4

How can I fetch all the vectors of a namespace in pinecone, as the fetch method expects the ids of the vectors. Is there any method to get all the ids of the vectors.

Inzamam Malik
  • 3,238
  • 3
  • 29
  • 61

2 Answers2

3

ok I have struggled with this alot but finally I have found the solution, I was just trying to make my first hello world with pinecone and I added some data and to make sure it is really upserted I wanted to get all vectors back from a namespace

Just make a query on pinecone and set topK to its maximum and you will all vectors no matter what is your query

for example I have only 54 vectors in my pinecone index so if I set topK to 100 it returns me all documents no matter what I give in query or I leave empty text in query,

here is my code for the reference sorry it is in ES Module (javascript) but I am sure it will work the same in python:

const queryPineconeIndex = async (queryText, numberOfResults) => {

        const response = await openai.createEmbedding({
            model: "text-embedding-ada-002",
            input: queryText,
        });
        const vector = response?.data?.data[0]?.embedding
        console.log("vector: ", vector);
        // [ 0.0023063174, -0.009358601, 0.01578391, ... , 0.01678391, ]

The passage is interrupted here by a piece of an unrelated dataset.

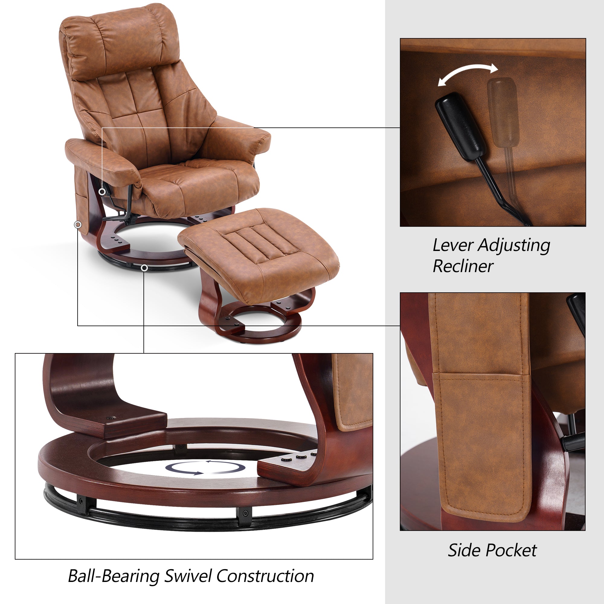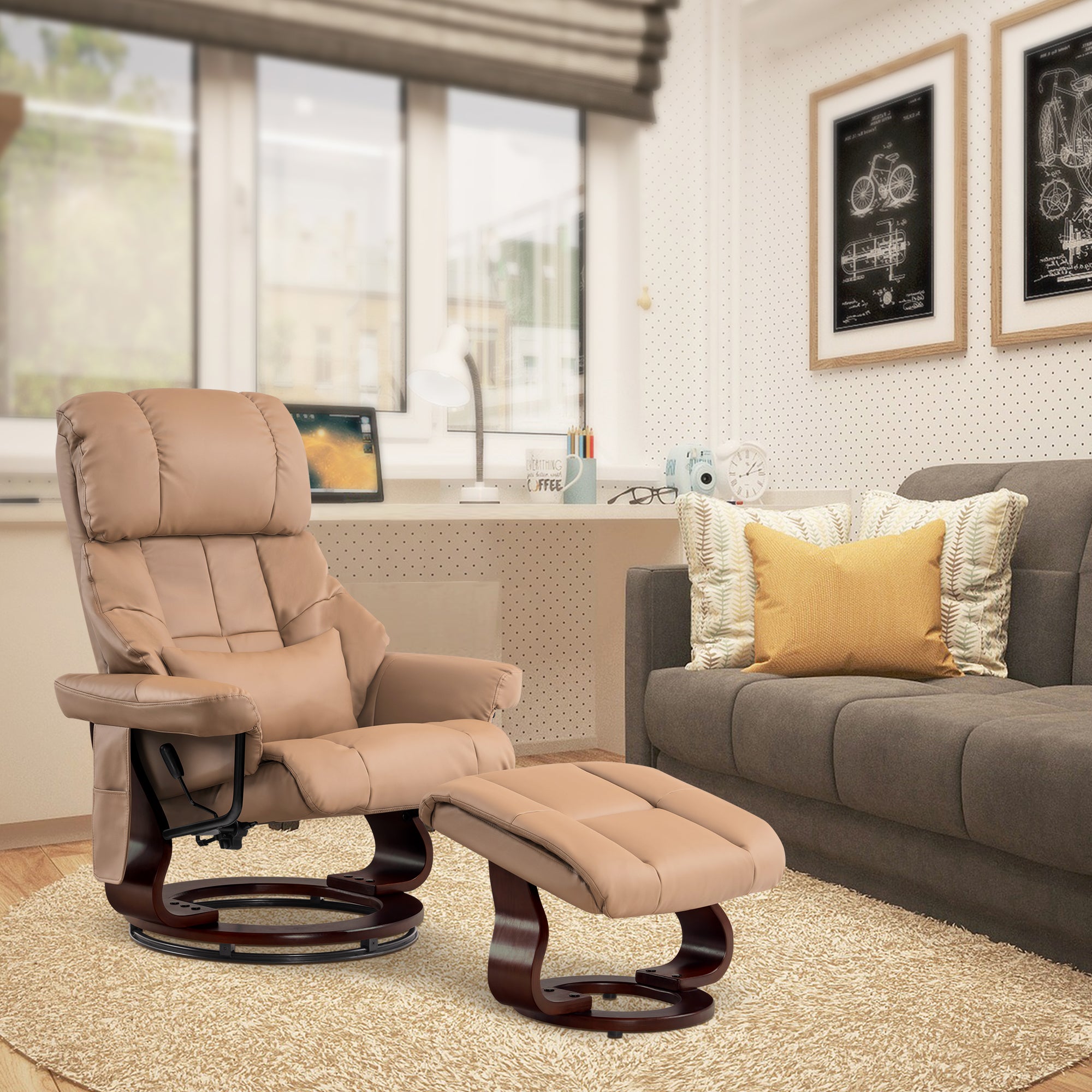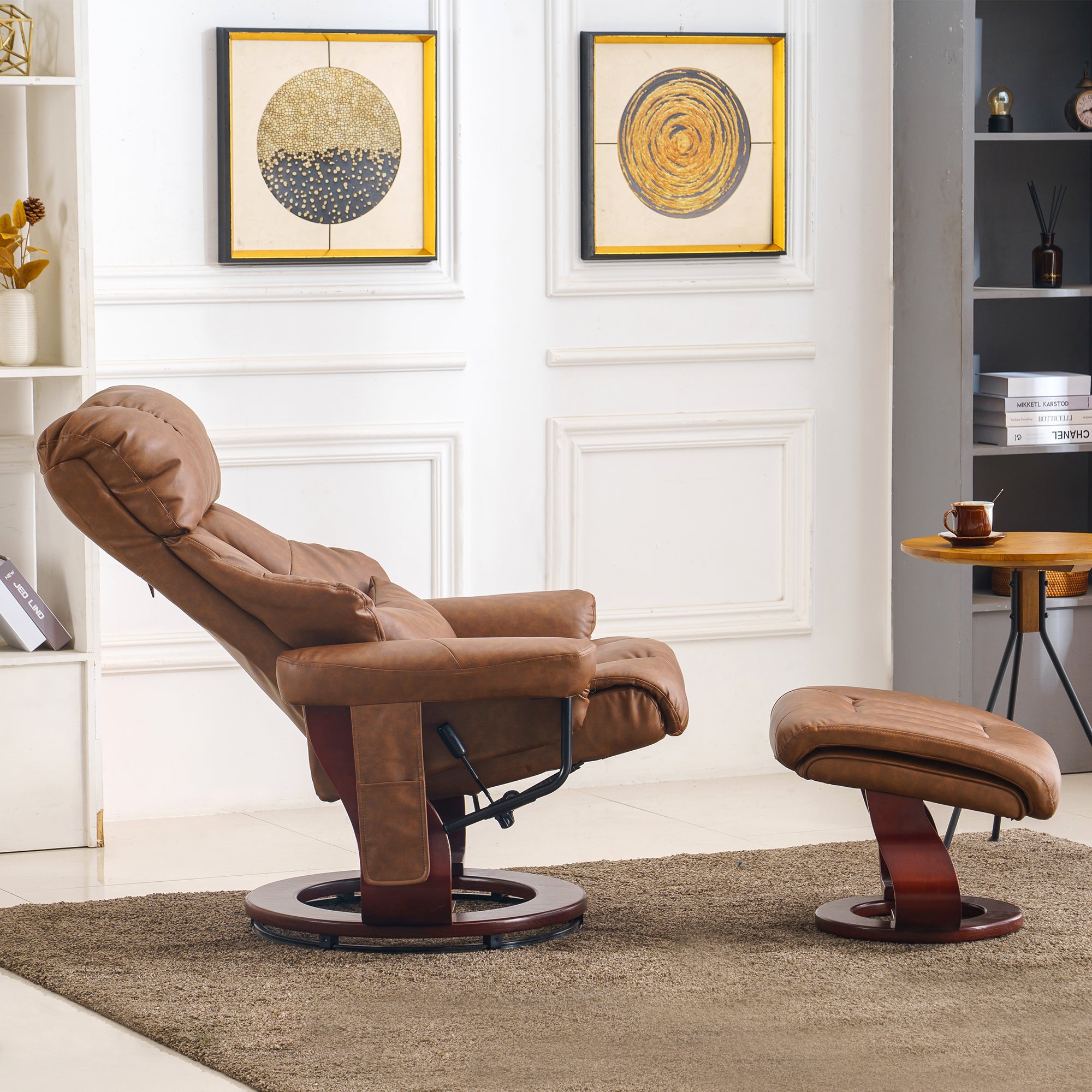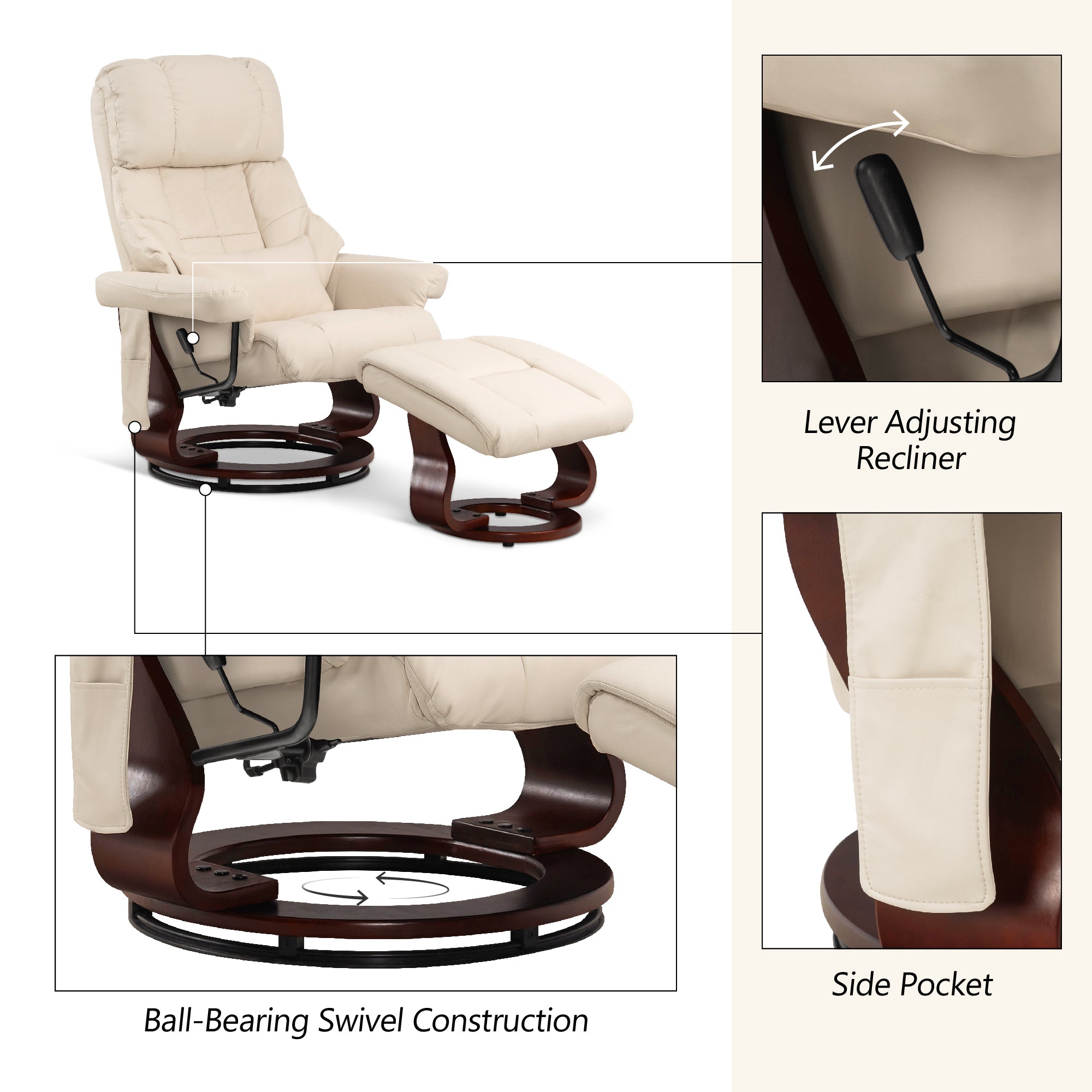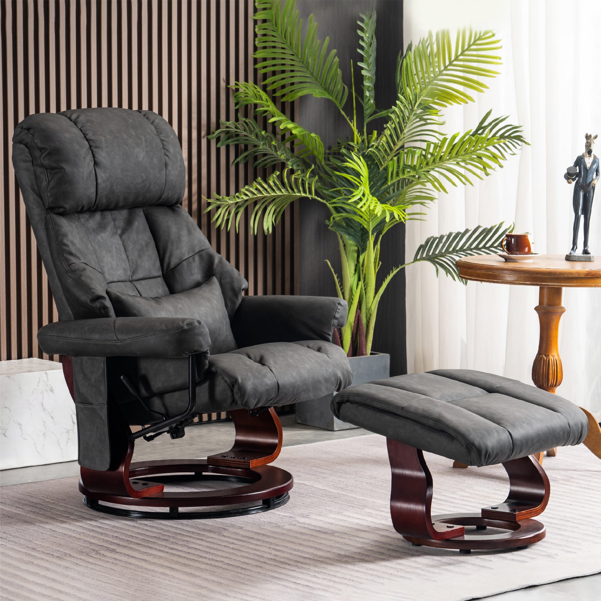 Swivel Recliner with Ottoman, with Massage, Faux Leather 9068

        const index = pinecone.Index(process.env.PINECONE_INDEX_NAME);
        const queryResponse = await index.query({
            queryRequest: {
                vector: vector,
                // id: "vec1",
                topK: numberOfResults,
                includeValues: true,
                includeMetadata: true,
                namespace: process.env.PINECONE_NAME_SPACE
            }
        });

        queryResponse.matches.map(eachMatch => {
            console.log(`score ${eachMatch.score.toFixed(1)} => ${JSON.stringify(eachMatch.metadata)}\n\n`);
        })
        console.log(`${queryResponse.matches.length} records found `);
    }
    
    queryPineconeIndex("any text or empty string", 100)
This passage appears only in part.